- Origin: Sweden, United States
- Genres: Indie pop
- Years active: 2016–present
- Label: Ingrid
- Members: Lykke Li; Andrew Wyatt; Pontus Winnberg; Björn Yttling; Jeff Bhasker;

= Liv (band) =

Swedish/American supergroup

Liv, stylized as liv, is a Swedish/American supergroup consisting of musicians Lykke Li, Andrew Wyatt and Pontus Winnberg of Miike Snow, Björn Yttling of Peter Bjorn and John, and Jeff Bhasker, formed in 2016. Liv is the Swedish word for "life". Lykke Li has described the band as "the love child of ABBA and Fleetwood Mac." All band members are part of the Swedish artist collective Ingrid, which they spearheaded in 2012.

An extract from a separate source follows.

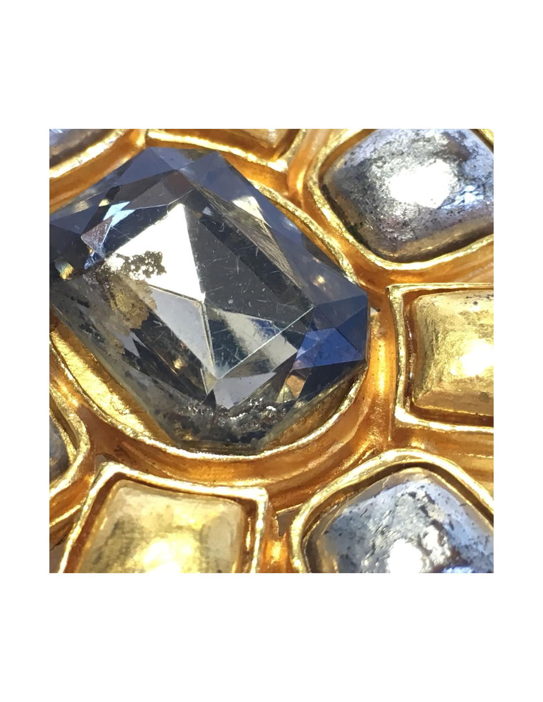 Vintage, Chanel brooch in gilded and silver metal. A transparent rhinestone is at the center of the jewel.

Liv made their first appearance in April 2016 at a private party in Los Angeles. Their second appearance was at the Spotify Symposium conference in Stockholm, Sweden, on 10 June 2016.

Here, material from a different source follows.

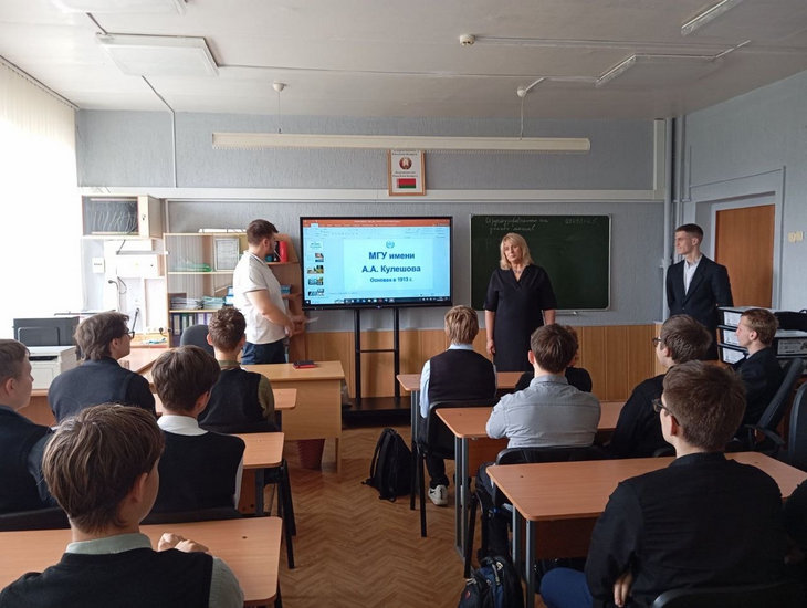 С целью ориентации учащихся на дальнейшее получение образования в нашем университете 9 сентября 2025 года делегация МГУ имени А. А. Кулешова посетила государственное учреждение образования «Средняя школа № 2 г. Белыничи». Университет представляли декан факультета математики и естествознания Сакович Наталья Владимировна и старший преподаватель кафедры физики и компьютерных технологий Шилов Артур Владимирович.

The band's debut single, "Wings of Love", was released on 30 September 2016. A music video for the song was uploaded to YouTube on 12 October 2016. The band released a second song, "Dream Awake", on 11 November 2016. On 9 June 2017, they released a third single, "Heaven". On 22 September 2017, they issued the single "Hurts to Liv".

==Discography==
Singles
- "Wings of Love" (2016)
- "Dream Awake" (2016)
- "Heaven" (2017)
- "Hurts to Liv" (2017)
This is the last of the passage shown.